Curtis Publishing Co. v. Butts and Associated Press v. Walker, 388 U.S. 130, 155, 87 S.Ct. 1975, 18 L.Ed.2d 1094 (1967). The Supreme Court acknowledged that there was tension between the public interests involved: that of writing and speaking free from governmental interference, and that of compensating those injured by libelous statements.
"Newspapers, magazines, and broadcasting companies are businesses conducted for profit and often make very large ones. Like other enterprises that inflict damage in the course of performing a service highly useful to the public . . . they must pay the freight; and injured persons should not be relegated [to remedies which] make collection of their claims difficult or impossible unless strong policy considerations demand." Buckley v. New York Post Corp., 373 F.2d 175, 182. We fully recognize the force of these competing considerations and the fact that an accommodation between them is necessary not only in these cases, but in all libel actions arising from a publication concerning public issues.

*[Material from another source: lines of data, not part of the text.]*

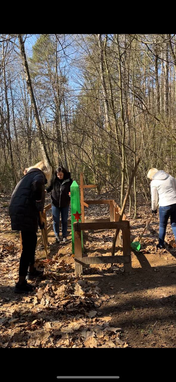 Окрасили памятный знак, обновили надпись, очистили территорию, убрали старую прошлогоднюю листву.
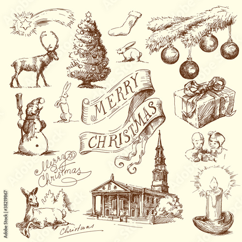 Christmas hand drawn vector illustration set. Festive holiday elements isolated hand drawn clipart christmas theme. sled, deer, santa, gifts and more. for graphic design projects and celebrations.
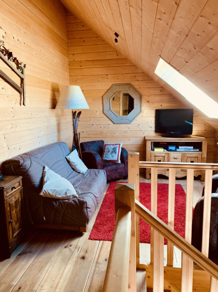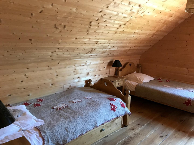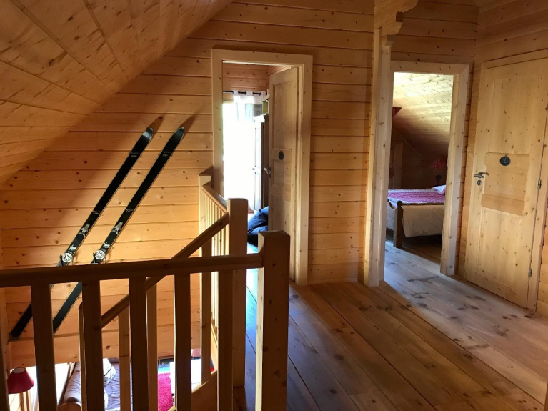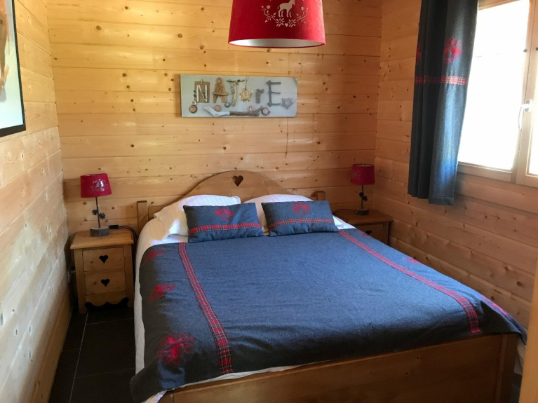 Un bellissimo chalet nu, a meno di 800 metri dalle piste e vicino alla fermata del bus navetta che vi porterà al centro del villaggio o alla partenza degli impianti di risalita. Lo chalet dispone di 4 camere da letto, una al piano terra con bagno con doccia e le altre tre al primo piano, due delle quali con vista sulle piste e un balcone. C'è un mezzanino/salotto con TV, BZ, console per i giochi e un bagno con una grande vasca ad angolo.
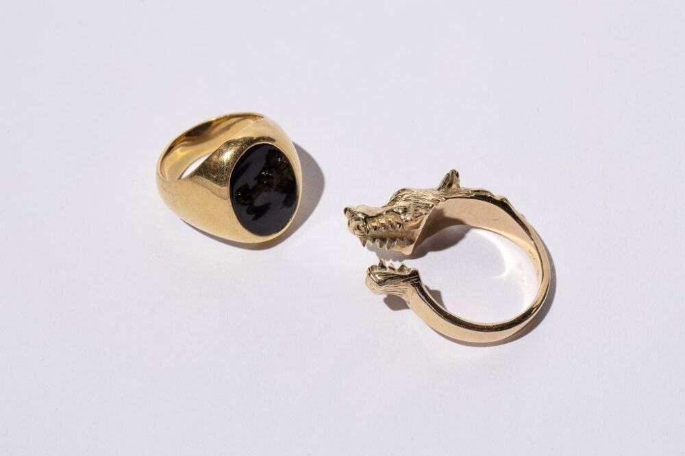 左はヴィンテージのティファニーで、センターにオニキスがセットされたシグネットリング。ボディは18金イエローゴールドである。右は結婚指輪として友人にワンオフで制作してもらったオリジナルリング。
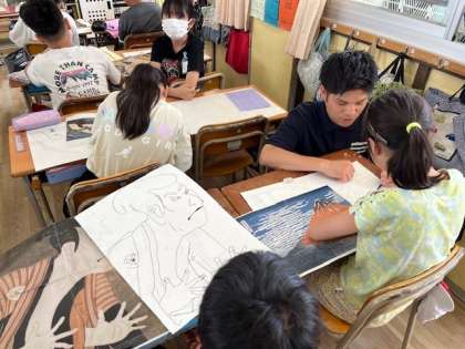 6月17日(月)1時間目、6年1組は図工で浮世絵の模写をしていました。
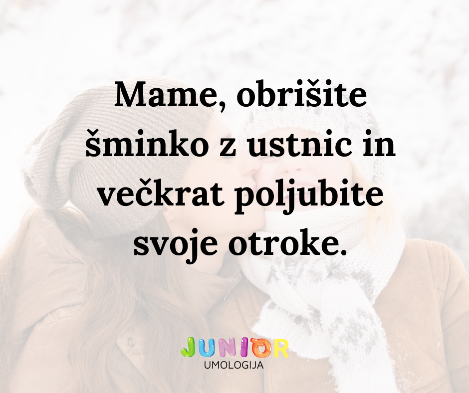 Veste, kaj lahko tudi vidimo? Vidimo dolge nohte, ki morajo paziti, da ne opraskajo svojega otroka. Vidimo dolge trepalnice, ki blago zastirajo jasen pogled in sproščeno mimiko našega očesa. Vidimo ličila na obrazu, ki onemogočajo ličkanje in pihanje balončkov v mehko kožo vašega malčka. Vidimo našminkane ustnice, ki ne morejo v vsakem trenutku dati slastnega maminega poljubčka. Vidimo brezhibno urejeno pričesko, ki bo pritegnila večino vaše pozornosti, ko boste imeli otroka v svojem naročju in bo grabil po vaših lepih laseh. In močni vonji? Previdno tudi s tem. Kup parfumov, dišav, kadil, mehčalcev ipd. zmoti že nas, odrasle. Kaj šele naše malčke.
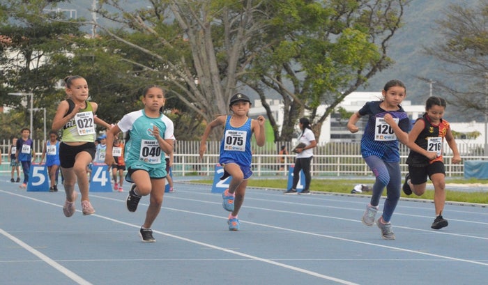 Deportistas en el estadio de Atletismo del parque Deportivo de Ibagué

Id., 147. The fact that the arbitrator in the case at bar resolved the issues in favor of Brian Smith and against Cox Radio does not transform this case into one of Constitutional magnitude, implicating the public policy of freedom of expression. Nor does it convert the scope of review from one of deference to the facts and law as found by the arbitrator into one in which the court undertakes to substitute its own view of the facts and the law for that of the arbitrator. The decision of the arbitrator does not implicate public policy.
The "Manifest Disregard of the Law" Exception
As for the plaintiff's argument that the arbitrator exceeded his authority, that argument too must fail. The plaintiff argues that the arbitrator could only have found that Cox Radio defamed the defendant if the arbitrator chose to completely disregard the established law of defamation, deciding to rule in the defendant's favor notwithstanding the law. The attempt by the plaintiff to characterize any findings or legal interpretations of the arbitrator as egregious enough to rise to a "manifest disregard of the law" is unavailing. See Garrity v. McCaskey, 223 Conn. 1 (1992). "Manifest disregard" says our Supreme Court, "clearly means more than error or misunderstanding with respect to the law." Id., 9, quoting Merrill Lynch, Pierce, Fenner Smith, Inc. v. Bobker, 808 F.2d 930 (2d Cir. 1986).
Although a different fact-finder might have determined that the statements of the plaintiff were only statements of opinion, or might have determined that the statements carried no negative connotation at all, the plaintiff has not demonstrated a manifest disregard of the law by the arbitrator, but only that the plaintiff disagrees with the arbitrator's interpretation of the facts and application of the legal principles involved. See Garrity v. McCaskey, supra. "Such a contention is a far cry from the egregious or patently irrational misperformance of duty that must be shown in order to prove a manifest disregard of the law under § 52-418(a)(4)." Id., 13
CONCLUSION
The plaintiff has not demonstrated any legal basis for this court to interfere with the final and binding arbitration award for which the plaintiff bargained in its contract with the defendant. Accordingly the court denies the application of the plaintiff to vacate the award and grants the defendant's application to confirm the award.